LAWS(PAT)-1959-9-22

BLACKWOOD HODGE INDIA LIMITED Vs. STATE OF BIHAR

Decided On September 02, 1959
BLACKWOOD HODGE(INDIA)LIMITED Appellant
V/S
STATE OF BIHAR Respondents

JUDGEMENT

(1.) In these two cases the Board of Revenue has submitted the following questions of law for the determination of the High Court under Section 25(3) of the Bihar Sales Tax Act:- (1) Whether in the facts and circumstances of the case, the sales of goods delivered for consumption in Bihar are exempt from taxation on the ground that the sales took place in the course of import or export of goods outside the territory of India, within the meaning of Article 286 of the Constitution ? (2) Whether in the facts and circumstances of the case the sale of goods delivered for consumption in Bihar can be lawfully taxed in view of the provisions of Article 286(2) of the Constitution ?

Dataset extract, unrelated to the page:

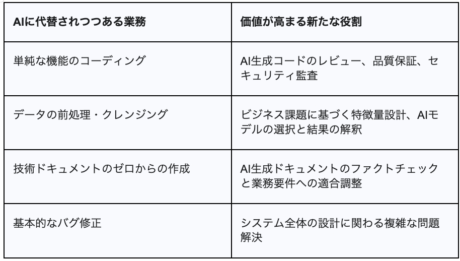 一方の極では、価値が相対的に低下しつつある業務領域があります。具体的には、AutoML(自動機械学習)ツールなどの進化によってコモディティ化が進む、定型的なデータの前処理や特徴量エンジニアリング、基本的なモデル構築といった作業です。これらの業務は、AIツールが得意とする領域であり、代替が進むのは避けられないでしょう。

(2.) The assessment periods with which we are concerned are from the 1st of April, 1950, to the 31st of March, 1951 and from the 1st of April, 1951, to the 31st of March, 1952. It appears that the assessee supplied during this time a large quantity of heavy earth moving equipments, machineries and spare parts to the Damodar Valley Corporation at different places within the territory of Bihar. The assessee, Messrs Blackwood Hodge (India) Ltd. has its head office located at Calcutta and it is the admitted position that during the periods in question the assessee supplied machineries valued at Rs. 52,000,00 to the Damodar Valley Corporation. The main argument on behalf of the assessee was that the machineries had been directly supplied by the manufacturers overseas to the Damodar Valley Corporation and so these sales are exempt from taxation under Article 286(1) of the Constitution. It was also contended on behalf of the assessee that in any event the sale of the machineries took place in the course of inter-State trade or commerce and so the assessee is exempted from taxation under Article 286(2) of the Constitution. The argument of the assessee was rejected by the Sales Tax Officer during the course of assessment and by the Deputy Commissioner of Sales Tax on appeal. A petition for revision was filed on behalf of the assessee to the Board of Revenue, but the petition was dismissed. As ordered by the High Court, the Board of Revenue has stated a case under Section 25(3) of the Bihar Sales Tax Act on the two questions of law stated above.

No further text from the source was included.